The Type IIa fibers also called fast twitch-red or
FTR have a moderate-high oxidative capacity so a little bit less
than Type I fibers and the Type IIb fibers also called fast
twitch-white have the lowest oxidative capacity of the three types of muscle fibers.
They have a high glycolytic capacity and they are big fibers and very powerful,
but those fibers have the lowest mitochondrial content or
lowest oxidative capacity. And that's reflected physiologically in the type of
endurance that you see and that's shown in the graph showing
the percent of the initial force generated and as a function of time,
minutes of contractile activity along the bottom.
So when you force at these different types of
fibers that all belong to different types of motor units,
you get different fatigue responses.
So, the Type I motor units in response to
contractile activity don't lose force very much.
They are fatigue resistant.
Now, the Type II motor units, on the other hand,
that consist largely of the Type IIb or Type IIa fibers,
they lose force quite considerably.
That is they fatigue much more rapidly.
When you take the average of those, of course,
you'll get a whole muscle average of fatigue resistance that is a reflection of
how many Type I fibers there are and how many Type II fibers or motor units there are.
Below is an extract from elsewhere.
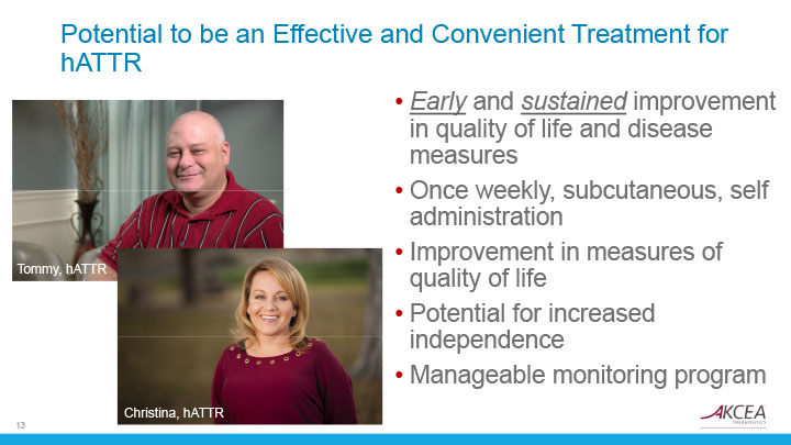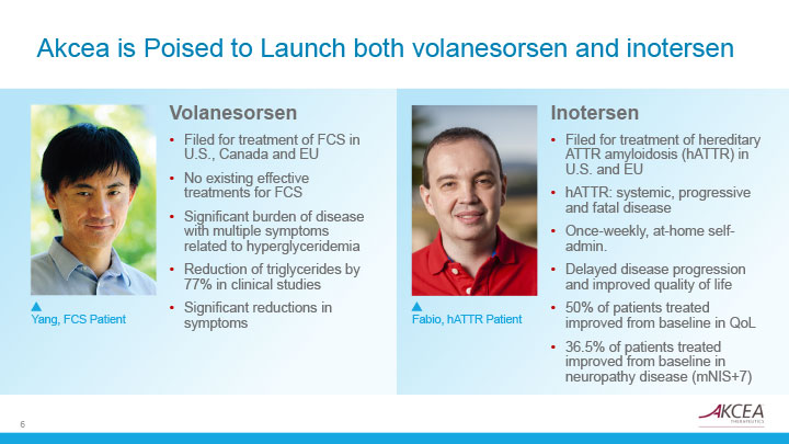 We’ll just start with inotersen. This is a drug that we believe truly can transform hereditary ATTR. This is a disease that is very devastating, it's progressive and it is fatal. It's a disease that runs in families, many patients, who have seen and watched their parents, their siblings just deteriorate from this disease. And our goal within inotersen is to change the face of this disease, to change the course of the lives of these patients. And bring a truly effective treatment for these patients.

So, Type I fibers have a high endurance,
they are not very strong because those fibers are the smallest.
So, they have a low force generating capacity, low total strength.
On the other hand, the Type IIb fibers can produce
a great deal of force because they are bigger fibers,
but they have very poor endurance capacity because of their low mitochondrial content.
So in this talk, we're going to speak about mitochondria and how it
contributes to muscle physiology,
how mitochondria adapts in response to exercise and
the molecular signalling involved in maintaining mitochondria in muscle.